George Orwell
Wir geben der Sprache die Form, die sie haben wird, wenn niemand mehr anders spricht. Wenn wir damit fertig sind, werden Leute wie du die Sprache ganz von neuem erlernen müssen. Du nimmst wahrscheinlich an, neue Worte zu finden. Ganz im Gegenteil! Wie merzen jeden Tag Worte aus – massenhaft, zu Hunderten. Wir vereinfachen die Sprache auf ihr nacktes Grundgerüst.
Weißt Du auch, dass die Neusprache die einzige Sprache der Welt ist, deren Wortschatz von Jahr zu Jahr kleiner wird? […] Siehst Du denn nicht, dass die Neusprache kein anderes Ziel hat, als die Reichweite des Gedankens zu verkürzen? Zum Schluss werden wir Gedankenverbrechen buchstäblich unmöglich gemacht haben, da es keine Worte gibt, in denen man sie ausdrücken könnte.
Nicht genug, dass die Vergangenheit sich änderte, ihre Veränderung war fortlaufend und unaufhörlich. […] Es hatte eine Zeit gegeben, in der es als Zeichen von Wahnsinn galt, zu glauben, die Erde drehe sich um die Sonne; heute wahr es Wahnsinn, zu glauben, die Vergangenheit stünde ein für alle Mal fest.
Heutzutage kämpfen sie überhaupt nicht gegeneinander. Der Krieg wird von jeder herrschenden Gruppe gegen ihre eigenen Anhänger geführt, und das Kriegsziel ist nicht, Gebietseroberungen zu machen oder zu verhindern, sondern die Gesellschaftsstruktur intakt zu halten.
In der Vergangenheit besaß keine Regierung die Macht, ihre Bürger unter dauernder Überwachung zu halten.

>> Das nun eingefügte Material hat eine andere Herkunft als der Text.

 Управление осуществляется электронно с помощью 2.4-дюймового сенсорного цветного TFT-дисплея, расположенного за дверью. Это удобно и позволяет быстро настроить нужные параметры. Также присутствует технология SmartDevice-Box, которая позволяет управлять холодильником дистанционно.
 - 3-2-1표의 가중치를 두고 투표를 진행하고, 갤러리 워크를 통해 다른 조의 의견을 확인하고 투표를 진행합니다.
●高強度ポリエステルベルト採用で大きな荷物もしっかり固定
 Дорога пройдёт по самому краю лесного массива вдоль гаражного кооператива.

Die Erfindung der Buchdruckerkunst machte es jedoch leichter, die öffentliche Meinung zu beeinflussen, und Film und Radio förderten diesen Prozess noch weiter. Mit der Entwicklung des Fernsehens und dem technischen Fortschritt, der es ermöglichte, mit Hilfe desselben Instruments gleichzeitig zu empfangen und zu senden, war das Privatleben zu Ende.
Jede Aufzeichnung wurde vernichtet oder verfälscht, jedes Buch überholt, jedes Bild übermalt, jedes Denkmal, jede Straße und jedes Gebäude umbenannt, jedes Datum geändert. Und dieses Verfahren geht von Tag zu Tag und von Minute zu Minute weiter. Die geschichtliche Entwicklung hat aufgehört. Es gibt nur noch eine unabsehbare Gegenwart, in der die Partei immer recht behält.

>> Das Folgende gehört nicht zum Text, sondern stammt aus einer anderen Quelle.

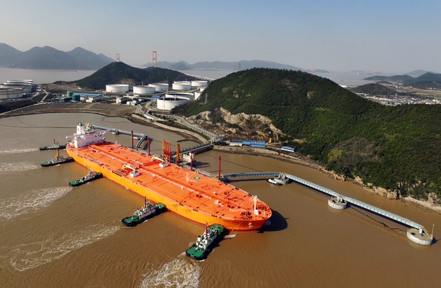 30萬噸巨型油輪靠泊岙山石油轉(zhuǎn)運(yùn)基地。中國(浙江)自由貿(mào)易試驗(yàn)區(qū)舟山管理委員會(huì)供圖
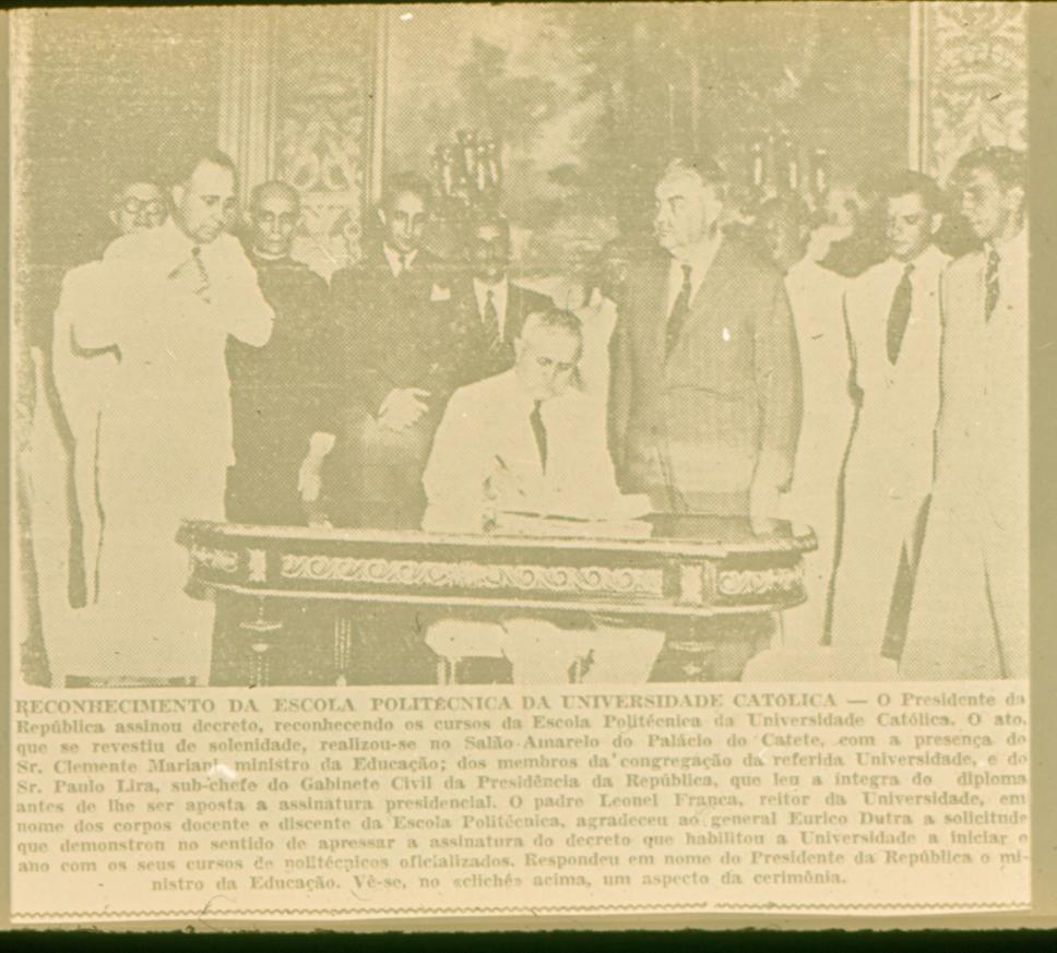 Reconhecimento da Escola Politécnica da Universidade Católica, que ocorreu em 11 de setembro de 1952, no Palácio do Catete. Matéria de jornal informa o reconhecimento.
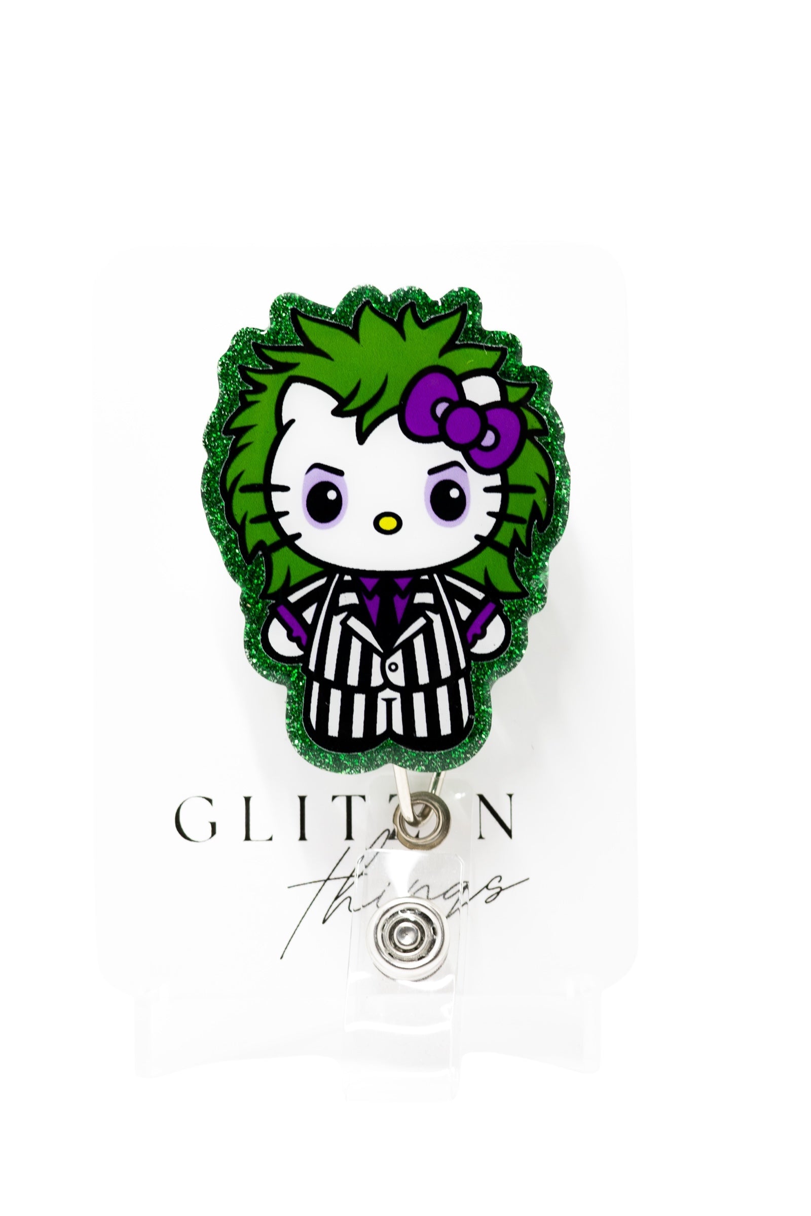 With the Beetlejuice Kitty badge reel, you can add some fun and style to your work day. This reel features the iconic Beetlejuice and Hello Kitty characters, making it a great conversation starter. The sturdy design ensures your ID badge stays secure while also showcasing your love for these classic characters.

Aber ich sage ihnen, die Wirklichkeit ist nicht etwas an sich Vorhandenes. Die Wirklichkeit existiert im menschlichen Denken und nirgendwo anders. Nicht im Denken des einzelnen, der irren kann und auf jeden Fall bald zugrunde geht: nur im Denken der Partei, die kollektiv und unsterblich ist. Was immer die Partei für Wahrheit hält, ist Wahrheit.
In unserer Gesellschaftsordnung sind diejenigen, die am besten wissen, was gespielt wird, auch am weitesten davon entfernt, die Welt so zu sehen, wie sie tatsächlich ist. Im Allgemeinen gilt, je tiefer der Einblick, desto größer die Verblendung; je klüger, desto weniger vernünftig.